Comparison of STAPLE and voting rule estimates of the true segmentation from segmentations of the cortex generated by one expert and three medical students. The color coding of the frequency of selection is as shown in Fig. 7.

Fig. 7

This figure illustrates in (a), MRI of the prostate, in (b) the prostate peripheral zone, in (c) the frequency of assignment of voxels to the prostate peripheral zone in five repeated segmentations by the same rater, and in (d), the probabilistic true segmentation as estimated by STAPLE.

Fig. 8

This illustrates the segmentation of a brain tumor from MRI. Three experts carried out segmentation of the brain tumor, and STAPLE was used to estimate the true segmentation of the tumor.
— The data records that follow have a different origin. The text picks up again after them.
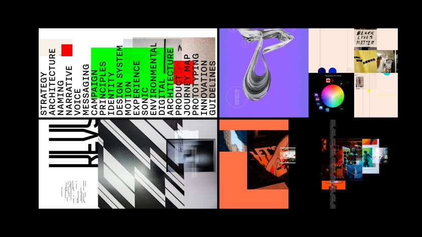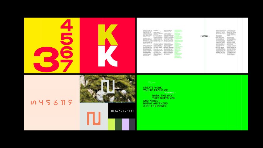 That’s why DixonBaxi favoured this overlapping, seemingly chaotic style throughout the book. Flicking through it, you’ll see that a health-tech exploration sits next to a sports identity; notes from a trip to Mexico slide underneath screenshots from a talk in LA; mundane Slack lines – “receipts please” – pop up between bold typographic experiments.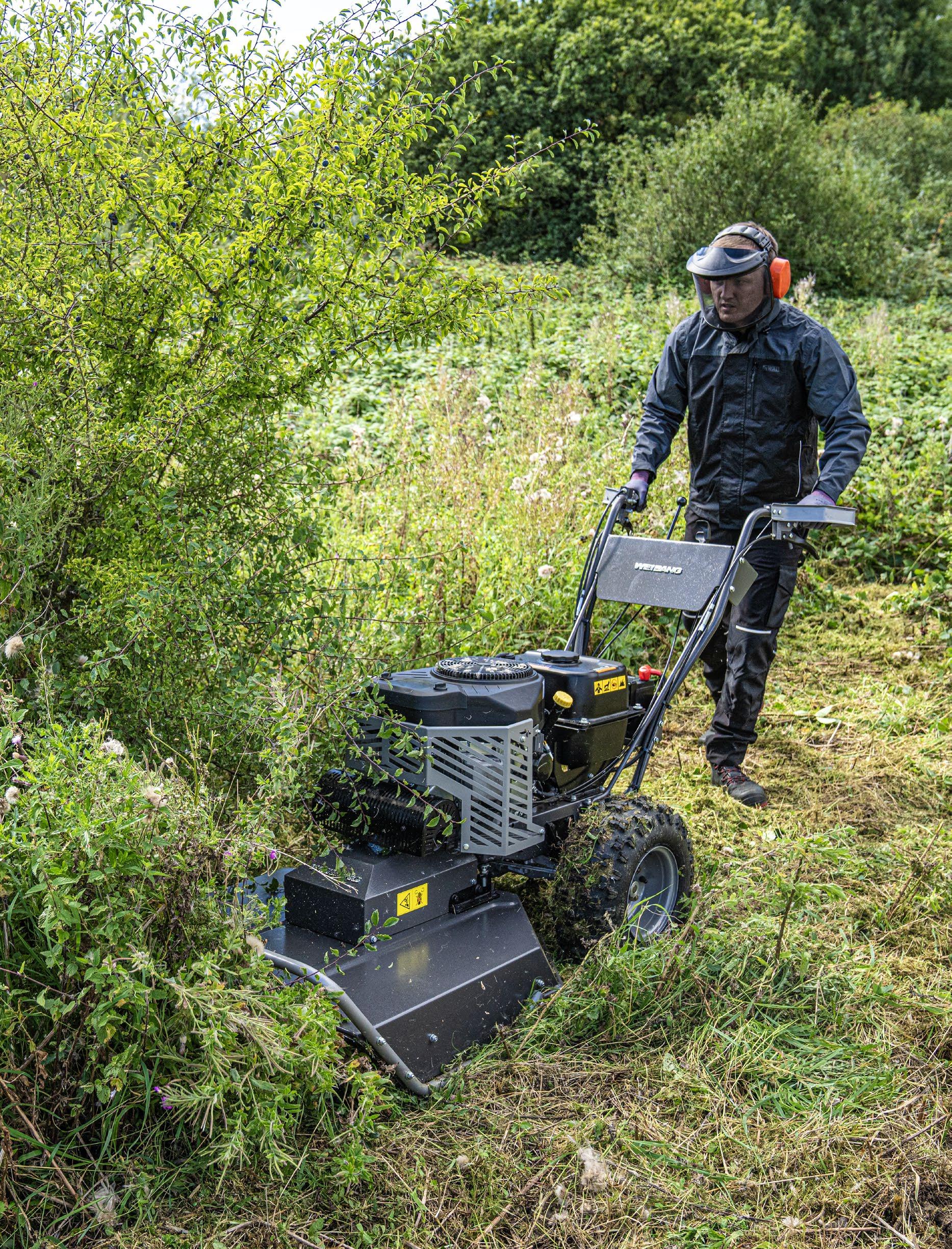 The 68 WFP features a wide 68cm cutting width and CVT drive. Featuring a pivoting steel cutter deck with 38 Y-shaped flail blades to cut, mulch and spread material for a clean finish. Commercial power comes from the WEIBANG XC400H engine and the H.O.C winding screw allows fast height adjustment.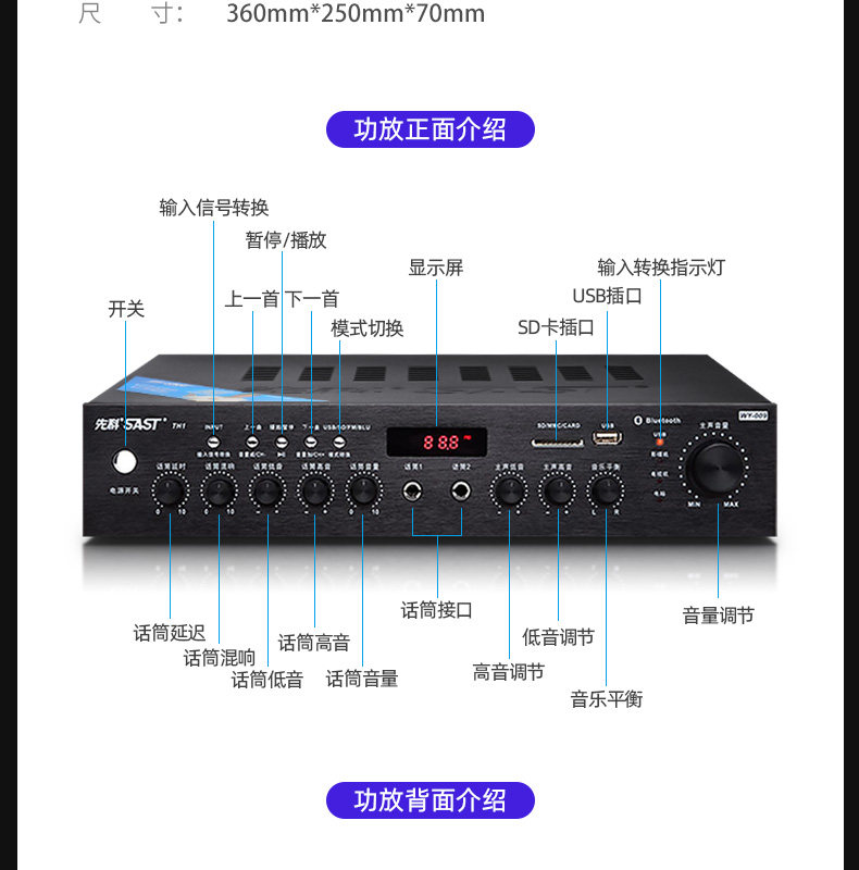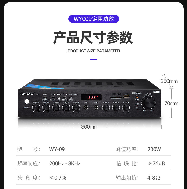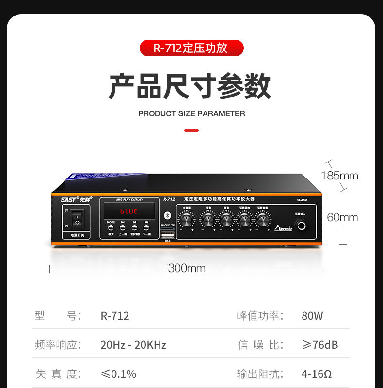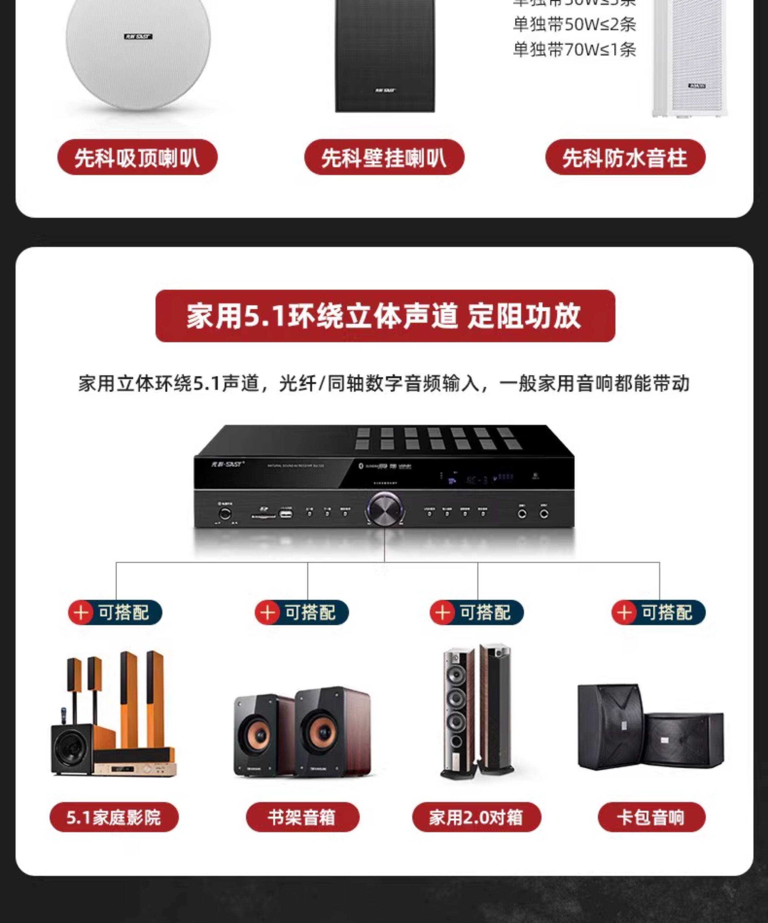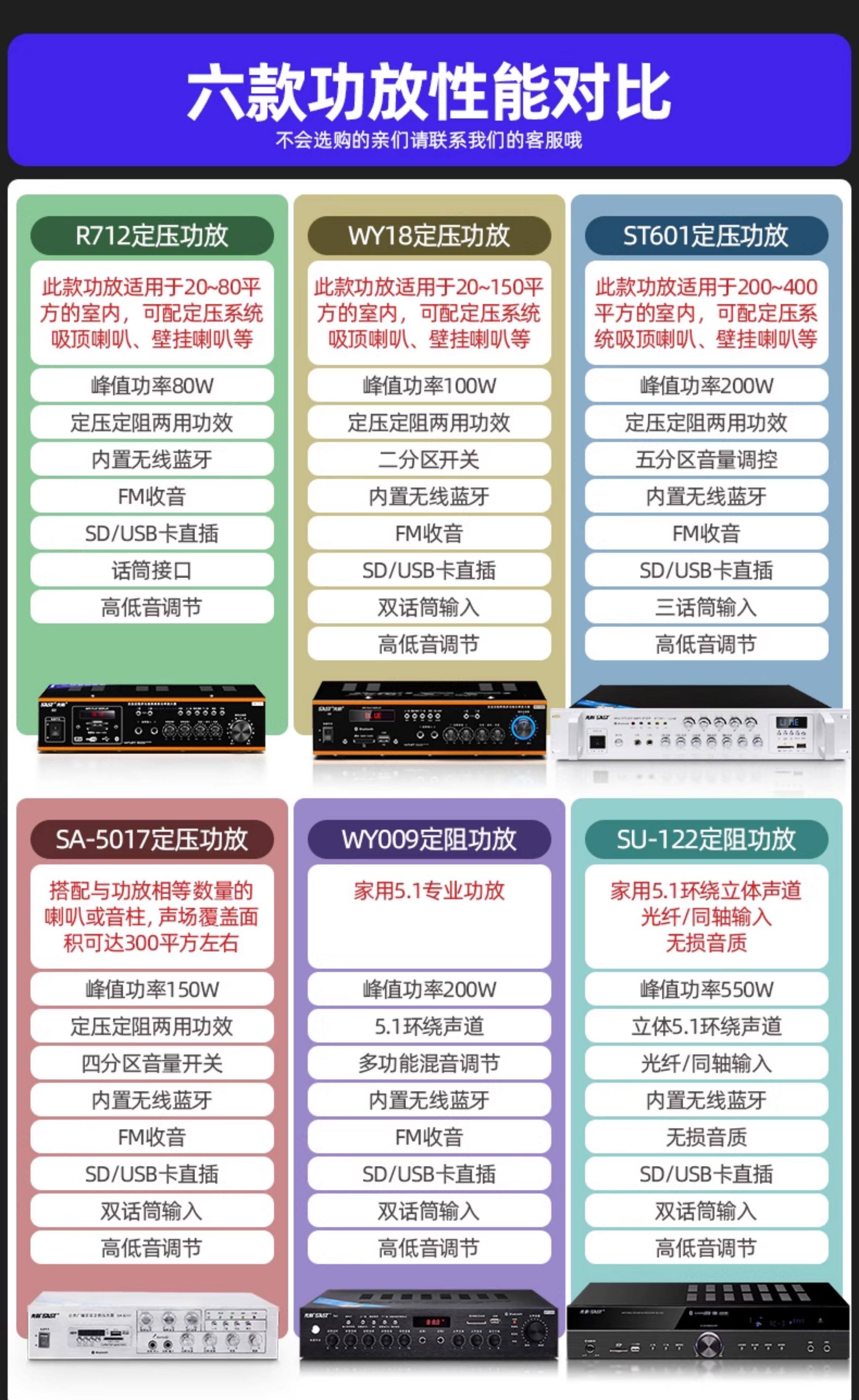 | Color Classification | [for Stores] Constant Voltage and Constant Resistance Power Amplifier,[for Stores] Constant Voltage Power Amplifier Su-906 100W,[for Stores] 120W Silver Bluetooth Two-Zone (120W),[for Stores] 120-Watt Black Dual-Zone Bluetooth Upgraded Version,[for Stores] 120-Watt Silver Bluetooth Two-Zone Upgraded Version,[for Stores] 120W Sa5015 Silver Bluetooth High Power (120W),[for Stores] 150W Sa9016 Four-Zone Bluetooth Amplifier (150W),[for Stores] 180W Two-Zone Bluetooth Amplifier,【For Projects】200W Three-Zone Bluetooth Amplifier with Constant Voltage for Large-Scale Projects,【For Projects】300W Three-Zone Bluetooth Amplifier with Constant Voltage for Large-Scale Projects,【For Projects】500W Three-Zone Bluetooth Amplifier with Constant Voltage for Large-Scale Projects,【For Projects】700W Five-Zone Bluetooth Amplifier with Constant Voltage for Large-Scale Projects,【For Projects】900W Five-Zone Bluetooth Amplifier with Constant Voltage for Large-Scale Projects,[Engineering Use] 1200W Five-Zone Bluetooth Power Amplifier with Fixed Voltage for Large-Area Engineering Use,【For Projects】1350W Five-Zone Bluetooth Amplifier with Constant Voltage for Large-Scale Projects,[Home Fixed Resistance] Wy-008 200W Basic Entry Model,[Home Fixed Resistance] Wy-009 200W Home 2.0 Fixed Resistance Power Amplifier,[Home Fixed Resistance] Wy-010 300W Home 5.1 Fixed Resistance Power Amplifier,[Home Fixed Resistance] Su-122 550W Home Theater 5.1 Channel High Power,[Home Fixed Resistance] Su-122 550W Upgraded Version Luxury 5.1 Channel High Power,[Home Fixed Resistance] Ak-558 550W High Power Fixed Resistance Power Amplifier,One-Year Replacement, Three-Year Warranty |

The performance level assessment of each of three raters and a semi-automatic algorithm for tumor segmentation program based upon the estimated true segmentation is shown in (c). The estimated sensitivity, specificity, and tumor predictive value are reported. The performance assessment indicates that the program is performing with higher sensitivity than one rater but with lower sensitivity than the other raters, while exhibiting higher specificity than two of the raters and lower specificity than one of the raters. This illustrates that STAPLE can be used to evaluate the performance of segmentation algorithms through comparison to rater segmentations, (a) Estimated true segmentation, (b) Frequency of manual segmentation, (c) Performance level assessment.

Fig. 9

STAPLE average wallclock time per iteration as a function of the number of raters, and average wallclock time per iteration as a function of the number of voxels, (a) Average time per iteration versus number of raters, (b) Average time per iteration versus number of voxels.